Cook County sheriff deputies on Thursday escort Camnong Boa-Ubol, a Buddhist monk charged with sexually assaulting a Chicago-area girl more than a decade ago. He had been in Alaska

A woman who says she was sexually assaulted and impregnated by a Buddhist monk as a teenager more than a decade ago in the southwest suburbs agonized for years about telling her story to authorities.

Two years ago she filed a lawsuit against Camnong Boa-Ubol, but to maintain her child's privacy, she did not want to pursue criminal charges.

But after the Tribune wrote of the woman's lawsuit last year in a story about abuse allegations against several monks, a victims rights group persuaded her to seek criminal action against Boa-Ubol. On Thursday, Boa-Ubol, 62, who had left the Chicago area several years ago, was returned here and charged with aggravated criminal sexual assault, officials said.

The alleged crime occurred at the Wat Dhammaram temple in unincorporated Stickney Township. The woman was 15 when she became pregnant. In her lawsuit, she alleged that she was 14 when Boa-Ubol began a nearly yearlong pattern of abuse that resulted in her pregnancy.

Boa-Ubol arrived by plane from Anchorage, Alaska, on Thursday morning and was charged in the afternoon. He was arrested on a Cook County warrant in May but fought efforts to have him returned to the Chicago area. A governor's warrant eventually was issued by the office of Illinois Gov. Pat Quinn, and Alaska officials approved his return late last week, according to Cook County Sheriff's Office spokesman Frank Bilecki.

Boa-Ubol is schedule to appear at the Bridgeview courthouse Friday morning.

Supporters of the victim said her decision to pursue charges after so many years was a tough one.

"She didn't want her daughter to be ostracized or teased," said Barbara Blaine, president of Survivors Network of Those Abused by Priests, who helped get the woman to speak out about the assaults. "While I know the victim in her heart wanted to ensure that he couldn't abuse any more kids, she also felt that her primary duty was to her child."

A 2010 DNA test, conducted after her lawsuit was filed, determined the probability that Boa-Ubol fathered the child was 99.9999997 percent, records show. Boa-Ubol, who at the time was in California, told the Tribune last year that he gave a DNA sample but denied he had sex with her.

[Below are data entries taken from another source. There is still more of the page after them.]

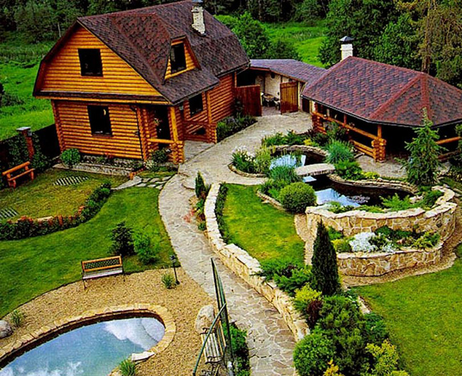 Здесь тщательно необходимо выбирать все элементы, учитывая из какого материала, они сделаны, какой цветовой палитрой обладают. Можно соорудить небольшую изгородь из живых растений или водоем. При этом имеется ряд принципов, которые следует соблюдать:
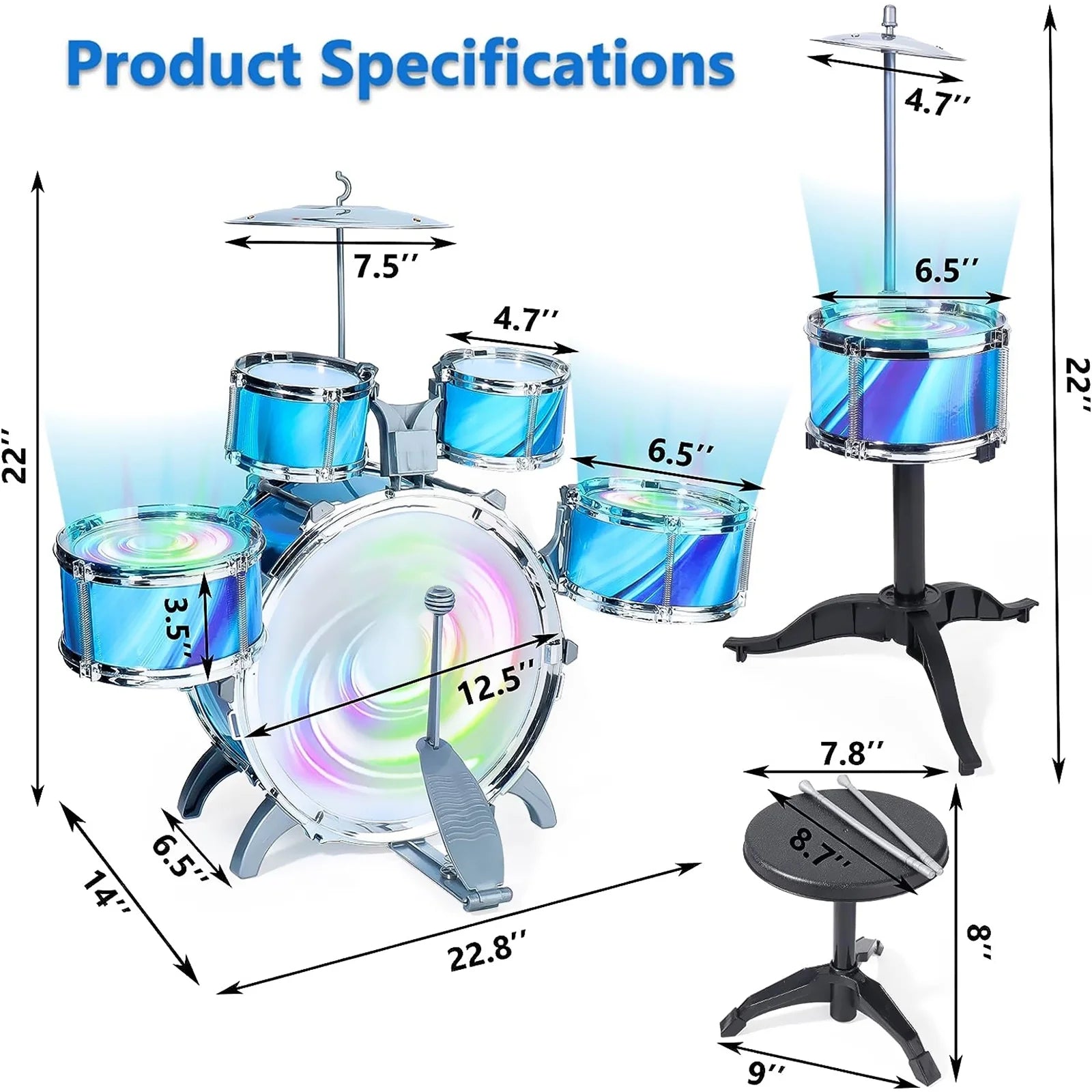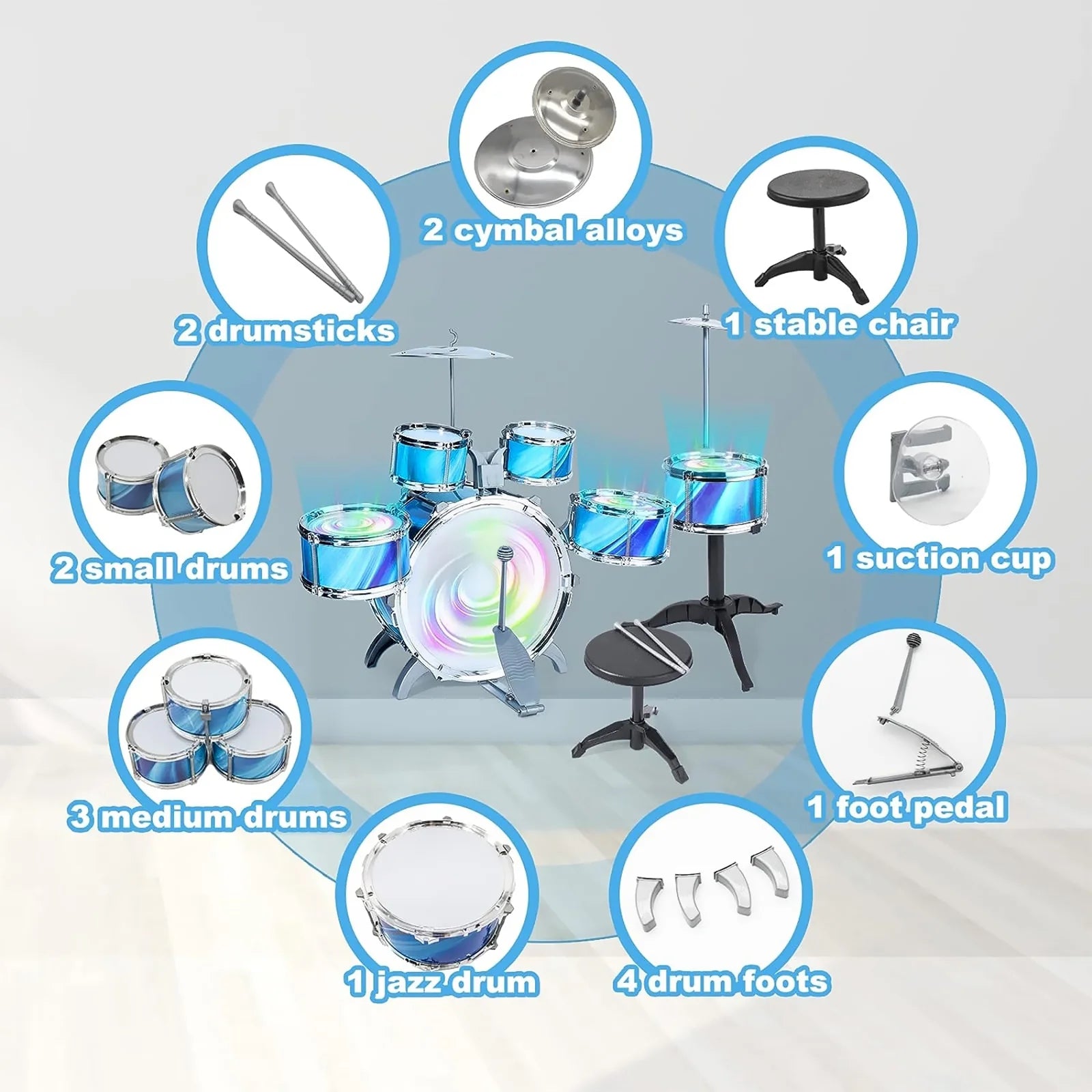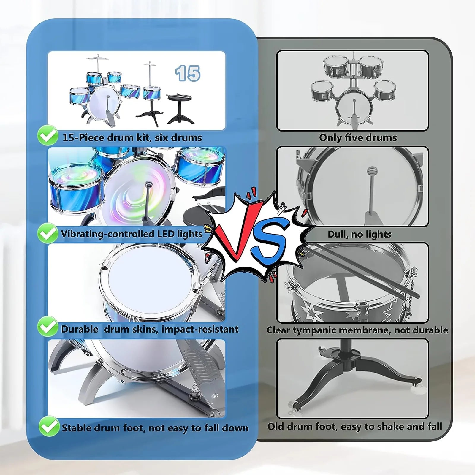 Our 15 pieces kids drum set comes with a jazz drum, three medium drums, two small drums, two cymbals, a stool and a pair of drumsticks. It is perfect as beginners in learning and practicing drum. It would help them enhance their musical skills and at the same time enjoy this as their past time. This drum toy is a great musical instrument for developing children's sense & creativity of music rhythm.
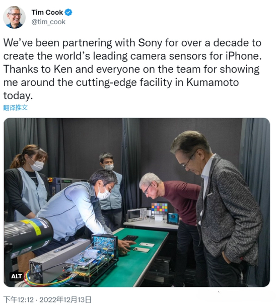 库克在Twitter上公布的行程显示,他去到了日本西南部的熊本县,参观了索尼集团。由索尼集团公司董事长、总裁兼首席执行官吉田健一郎接待,领着库克一行人参观索尼的图像传感器制造基地,以及索尼半导体解决方案熊本技术中心。
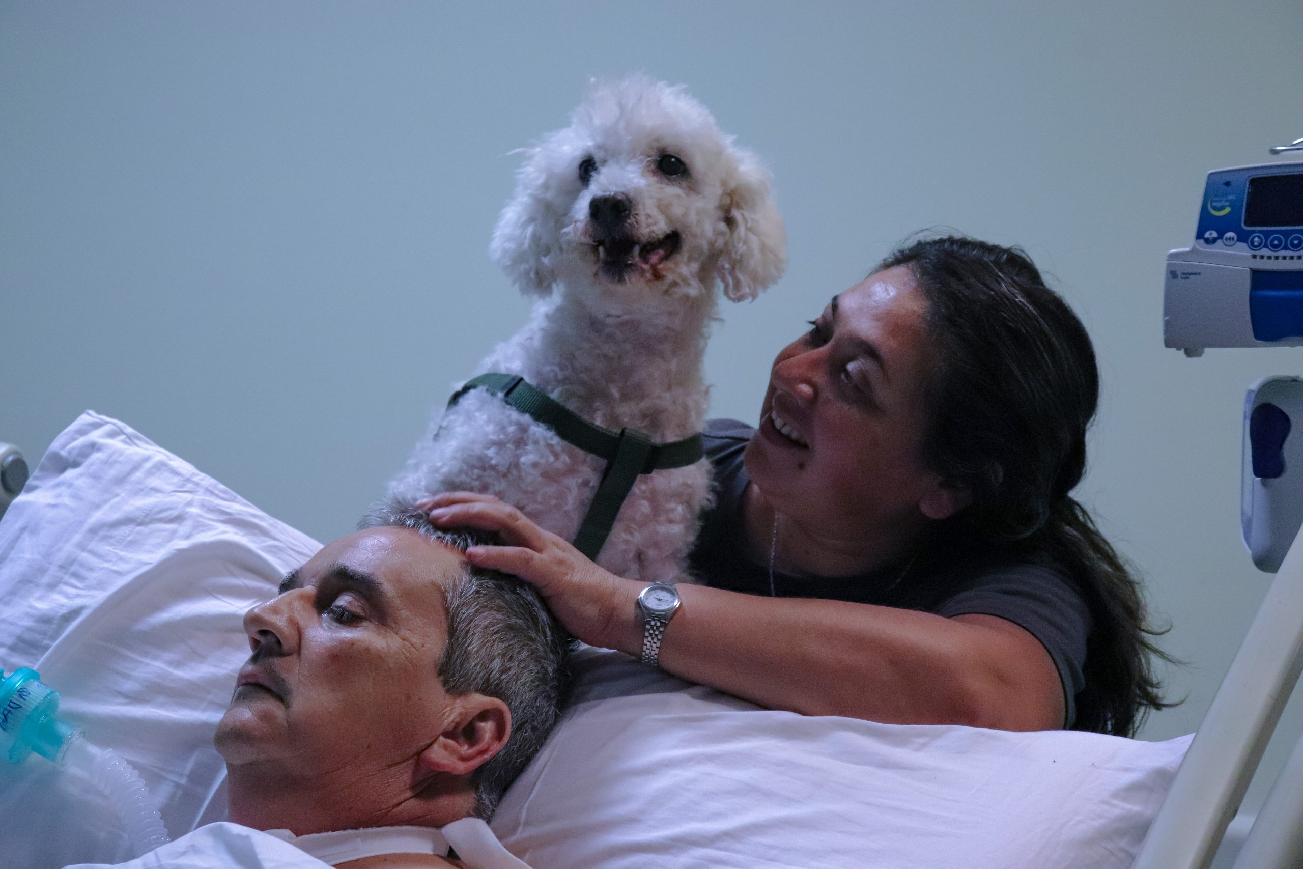 Johana Castro, dueña de la mascota visitante, expresó que “decidimos traer a Copito al hospital para que viera a Enrique, que ya sobrepasó el mes de hospitalización por complicaciones del síndrome de Guillain Barré que tiene, porque sabemos que ambos se extrañaban mucho, ya que el perrito es un hijo más en la familia que lo acompañaba en todo momento, pero, por sobre todo, porque sabemos que Copo puede favorecer su recuperación y motivarlo a que siga adelante para volver a la casa”.

"Oh, how wonderful," he told a reporter who informed him of the test results. "I don't believe it."

Law enforcement authorities said Blaine and the woman approached them in October, but it took another seven months before they were able to find Boa-Ubol.

Leaders at the Stickney Township temple told investigators that Boa-Ubol was working at the Wat Buddhavipassana temple in Long Beach, Calif., but sources in California said they believed he had moved to Anchorage, according to Bilecki.

He eventually was traced to a restaurant in the Anchorage airport where he worked as a dishwasher and was arrested by FBI agents after the county warrant was issued. Bilecki said police were able to pursue the case although it happened several years ago because the victim was a minor at the time the alleged sexual assaults occurred. State law extends the statute of limitations in such cases from 10 years to 20 years.

It was not the first time Boa-Ubol was accused of molesting a child. The Tribune's investigation found that temple leaders met with a 12-year-old girl and her family in 2000 after the girl alleged that the monk had fondled her during a tutoring session. In a subsequent letter to the family, temple leaders assured the family that Boa-Ubol "accepted what he had done" and was returning to Thailand permanently, the newspaper reported.

Bilecki said he was not aware of any other investigations of suspected sexual assault pending against Boa-Ubol.